These parameters are delivered to your AI service in the JSON start event and can be used for routing, prompts, or CRM lookups.

Step 2: WebSocket Streaming Protocol (JSON)

NextGenSwitch uses a Twilio Media Streams–style JSON protocol for audio exchange.

Your AI service only needs to understand four event types:

  • start
  • media
  • stop
  • (optional) control events

1️⃣ start — Call Initialization

{
  "event": "start",
  "streamId": "NGS_STREAM_123456",
  "start": {
    "callId": "NGS_CALL_abc",
    "from": "+8801XXXXXXXXX",
    "to": "5000",
    "customParameters": {
      "agent": "support-bot",
      "tenant_id": "company-01",
      "language": "en-US"
    }
  }
}

Important

  • Save streamId
  • All outbound audio must reference this ID

2️⃣ media — Inbound Audio (Caller → AI)

{
  "event": "media",
  "streamId": "NGS_STREAM_123456",
  "media": {
    "payload": "BASE64_AUDIO_BYTES=="
  }
}

Audio characteristics:

  • Codec: G.711 μ-law
  • Sample rate: 8 kHz
  • Payload: base64 encoded

NextGenSwitch handles:

  • RTP decoding
  • Codec normalization
  • Telephony timing

Your AI service receives clean, ordered audio frames.

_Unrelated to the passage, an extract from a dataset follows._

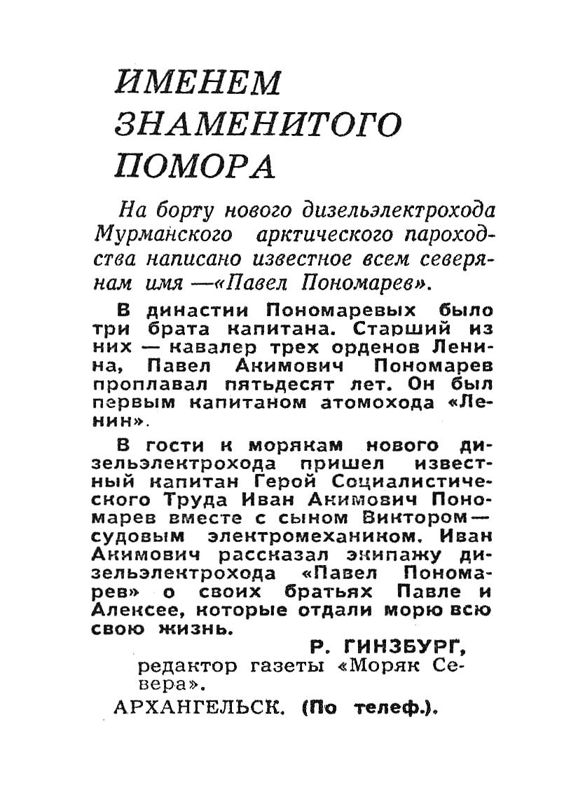 В гости к морякам нового дизельэлектрохода пришел известный капитан Герой Социалистического Труда Иван Акимович Пономарев вместе с сыном Виктором — судовым электромехаником. Иван Акимович рассказал экипажу дизельэлектрохода «Павел Пономарев» о своих братьях Павле и Алексее, которые отдали морю всю свою жизнь.

3️⃣ media — Outbound Audio (AI → Caller)

{
  "event": "media",
  "streamId": "NGS_STREAM_123456",
  "media": {
    "payload": "BASE64_AUDIO_BYTES=="
  }
}

Your AI service sends synthesized audio back using the same structure.

NextGenSwitch:

  • Converts audio to telephony format
  • Sends it through PBX → SIP → PSTN

4️⃣ stop — Call End

{
  "event": "stop",
  "streamId": "NGS_STREAM_123456",
  "stop": {
    "reason": "hangup"
  }
}

AI Stack: Completely Flexible

NextGenSwitch does not mandate any AI framework.

You can use:

  • Any STT engine (cloud or local)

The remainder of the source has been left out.